What to do if you have possibly been in contact with an infected individual? In addition to the above:

  1. If you were within 6 feet of a confirmed case for at least 10 minutes, you should self-quarantine for 14 days regardless of whether or not you are experiencing any symptoms.
  2. If you have not been in contact with a confirmed case, but have been in an area where multiple infections have been documented (just coming back from a cruise, returning from Europe, etc.), and ARE experiencing symptoms, you should self-quarantine for 14 days. You should also notify your local health department regarding your circumstances. If you DO NOT have symptoms, health departments don’t currently recommend self-quarantine. However, avoiding physical contact, keeping a 6-foot distance from others and, if available, wearing a face mask (all for 14 days after potential exposure) would make sense to help from inadvertently spreading the virus.

Finally, for more information and updates on the coronavirus pandemic, here is the link to the most trustworthy website: Center for Disease Control and Prevention (CDC).  Please check it regularly.
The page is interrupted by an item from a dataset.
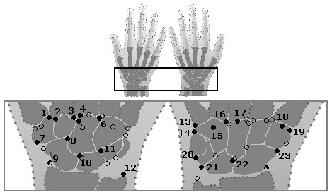 Location of the accessory ossicles of the carpals. On the left, the dorsal aspect of the right hand, on the right the palmar aspect of the right hand. The more dorsally situated ossicles are shown in closed circles on the left and open circles on the right. 1=Os trapezium secundarium; 2=Os trapezoideum secundarium; 3=Os parastyloideum; 4=Os styloideum; 5=Os metastyloideum; 6=Os capitatum secundarium; 7=Os epitrapezium; 8=Os carpi centrale; 9=Os paranaviculare (intercalary bone between scaphoid and radius); 10=Os epilunatum; 11=Os epitriquetrum; 12=Os ulnostyloideum; 13=Os vesalianum manus; 14=Os ulnare externum; 15=Os hamulare basale & Os hamuli proprium; 16=Os gruberi; 17=Os subcapitatum; 18=Os praetrapezium; 19=Os paratrapezium; 20=Os pisiforme secundarium (os ulnare antebrachii); 21=Os triquetrum secundarium (os intermedium antebrachii, os triangulare); 22=Os hypolunatum; 23=Os radiale externum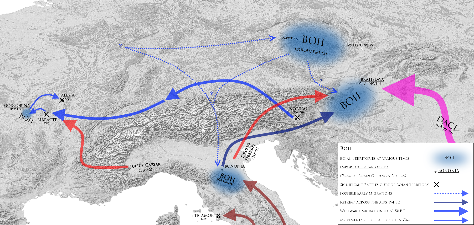 Map showing various movements and settlements of the Boii

These are all pieces of advice I have provided to my friends, family and everyone at Step One Foods.  I hope you find them useful.   For my part, I have stocked up on basic supplies and have asked my college-aged children to come home.

Step One Foods is continuing to ship our products to ensure people have what they need throughout the outbreak and beyond.  As always, we are taking the utmost care to ensure our products and our employees are safe and healthy.